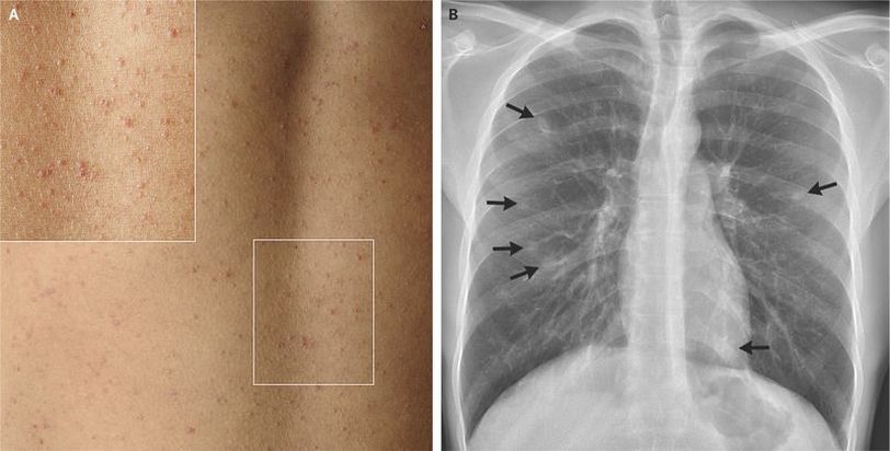 During a 3-month elective in Uganda, a 24-year-old Dutch medical student swam in the Nile River. Two months after his return, he presented to a clinic with a 7-week history of a nonproductive cough and malaise, as well as a 2-week history of diarrhea and nonpruritic rash. Physical examination and diagnostic testing revealed multiple small papules on the trunk (Panel A), eosinophilia (3.0Γ109Β eosinophils per liter), mildly elevated liver-function values, and several ill-defined nodular infiltrates on the chest radiograph (Panel B, arrows). Tests were positive for antibodies against schistosomal worms but not for antibodies against schistosomal eggs. Analysis of a skin-lesion biopsy specimen revealed nonspecific eosinophilic infiltrates without eggs. These findings support the diagnosis of acute schistosomiasis, or Katayama fever. Katayama fever is thought to be due to an immunologic response to the antigens present during the maturation process of the schistosomal worm. It typically manifests 2 to 10 weeks after exposure as fever, cough, urticarial rash, and fatigue, accompanied by eosinophilia and transient pulmonary infiltrates. Treatment with a single oral dose of praziquantel, preferably given after the acute stage, typically results in complete cure, as was seen in this patient.
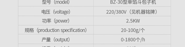 BZ-30型單餡斗包子機,可生產(chǎn)豆沙包、南瓜餅、肉包、小籠包、菜包、圓饅頭、奶黃包、叉燒包、湯包、水晶包等幾十種包餡制品。適用于個體戶、速凍食品廠、學校等各種工作場所。可滿足不同客戶群體。免費提供工藝技術。
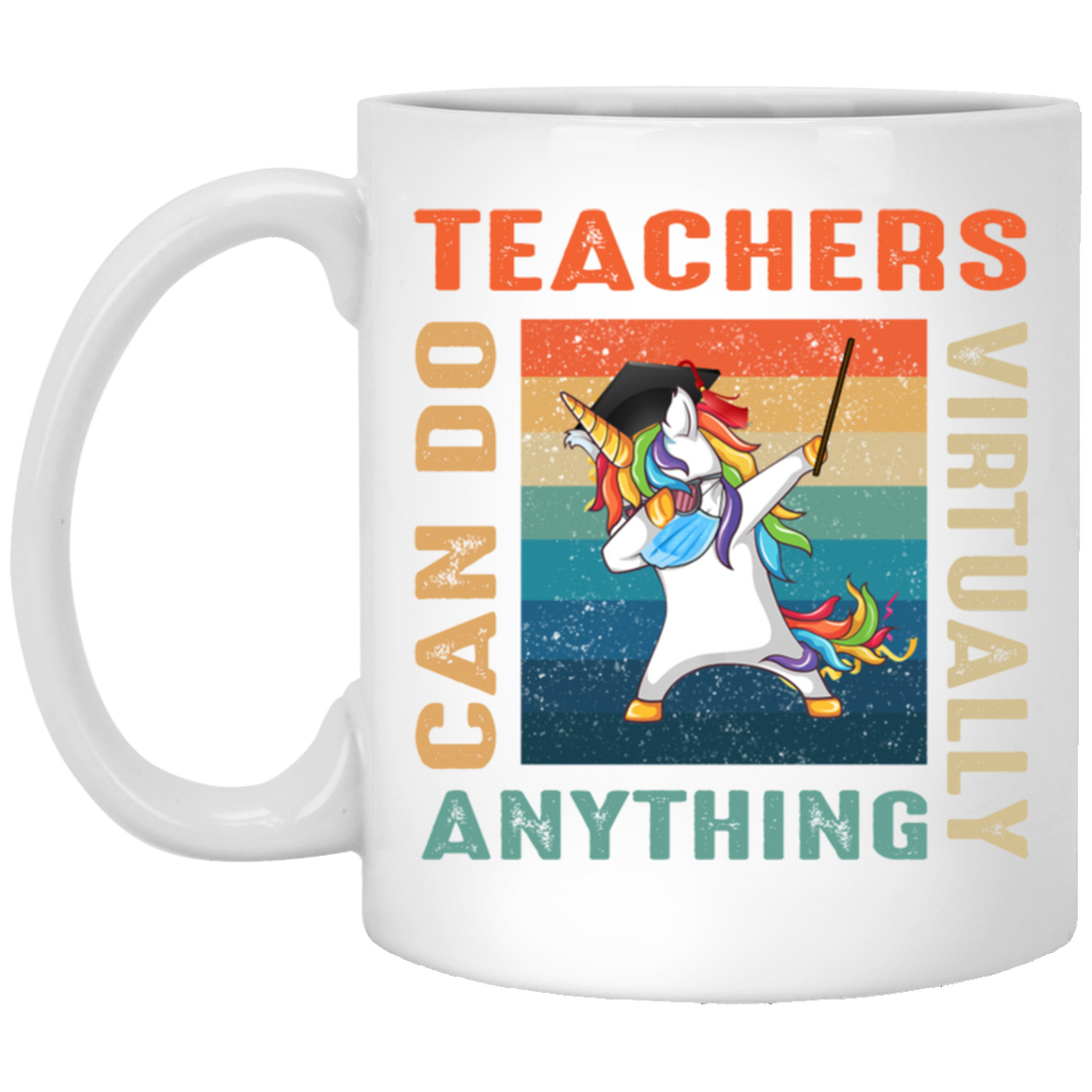 Vintage Teachers Can Do Virtually Anything, Unicorn Template White Mug
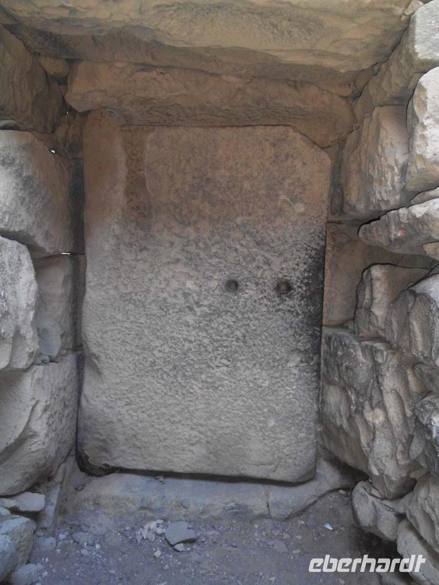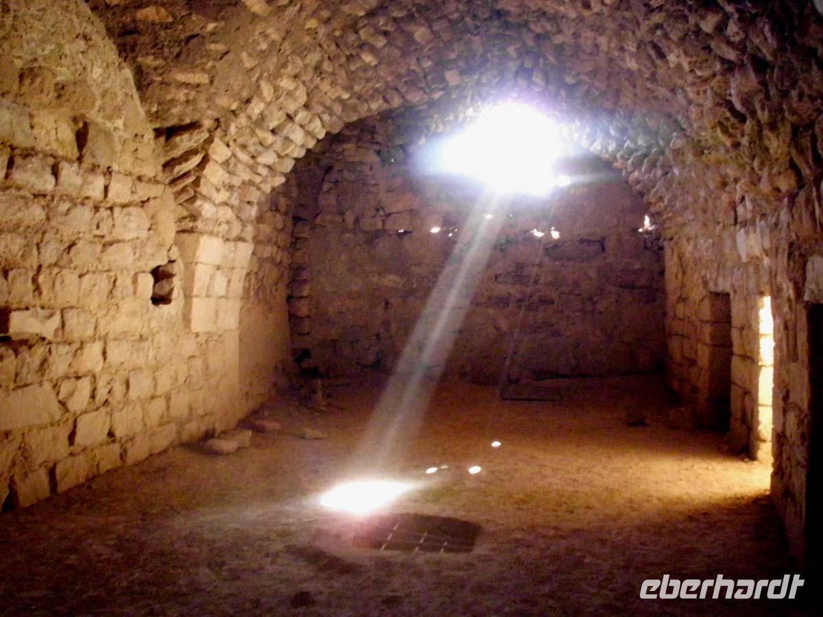 Das nächste Wüstenschloss ist eher ein Schlösschen. Sein Name, Qusair Amra, sagt das auch aus. Die Wände und Decken sind mit zahlreichen Fresken versehen. Dargestellt werden u .a. halbnackte Frauen. Im Islam ist es aber nicht gestattet Menschen abzubilden. So kann man daraus schließen, dass die Arbeiter welchen dieses Schlösschen bauten und gestalteten keine Araber waren. Vermutlich waren es Griechen. Dem damaligen Besitzer hat es aber wohl gefallen, er hat es sich extra als Lustschlösschen bauen lassen. Heute gehört das im Jahre 711 errichtet Schlösschen zum UNESCO Weltkulturerbe. Letzter Besichtigungspunkt für heute ist das Wüstenschloss Qasr al-Azraq. Nur wenige Minuten sind es mit dem Bus bis zum dritten Wüstenschloss. Qasr al-Kharana, ein trutzig in der Landschaft stehendes Bauwerk beeindruckt von außen mit seiner Größe. Normalerweise würde man hier auch nicht von einem Schloss reden. Mahmoud erklärt uns, dass es sich wohl um eine Karawanserei gehandelt hat. Im Innenhof war eine riesige Zisterne zur Versorgung der Kamele mit Wasser. Im Erdgeschoss des Gebäudes befanden sich Stallungen und Lagerräume. Man kann auch recht eindeutig nachweisen, aus welcher Zeit die Anlage stammt. Ein Bewohner hat am 24.11.710 dort übernachtet und ein Graffitti hinterlassen.

### [EXERCISE INSTRUCTIONS]
Copy only this, please: the line with "Vintage Teachers Can" and every line after it through the end of the data, with no pictures.

### [RESULT FOR THIS EXERCISE]
 Vintage Teachers Can Do Virtually Anything, Unicorn Template White Mug
 Das nächste Wüstenschloss ist eher ein Schlösschen. Sein Name, Qusair Amra, sagt das auch aus. Die Wände und Decken sind mit zahlreichen Fresken versehen. Dargestellt werden u .a. halbnackte Frauen. Im Islam ist es aber nicht gestattet Menschen abzubilden. So kann man daraus schließen, dass die Arbeiter welchen dieses Schlösschen bauten und gestalteten keine Araber waren. Vermutlich waren es Griechen. Dem damaligen Besitzer hat es aber wohl gefallen, er hat es sich extra als Lustschlösschen bauen lassen. Heute gehört das im Jahre 711 errichtet Schlösschen zum UNESCO Weltkulturerbe. Letzter Besichtigungspunkt für heute ist das Wüstenschloss Qasr al-Azraq. Nur wenige Minuten sind es mit dem Bus bis zum dritten Wüstenschloss. Qasr al-Kharana, ein trutzig in der Landschaft stehendes Bauwerk beeindruckt von außen mit seiner Größe. Normalerweise würde man hier auch nicht von einem Schloss reden. Mahmoud erklärt uns, dass es sich wohl um eine Karawanserei gehandelt hat. Im Innenhof war eine riesige Zisterne zur Versorgung der Kamele mit Wasser. Im Erdgeschoss des Gebäudes befanden sich Stallungen und Lagerräume. Man kann auch recht eindeutig nachweisen, aus welcher Zeit die Anlage stammt. Ein Bewohner hat am 24.11.710 dort übernachtet und ein Graffitti hinterlassen.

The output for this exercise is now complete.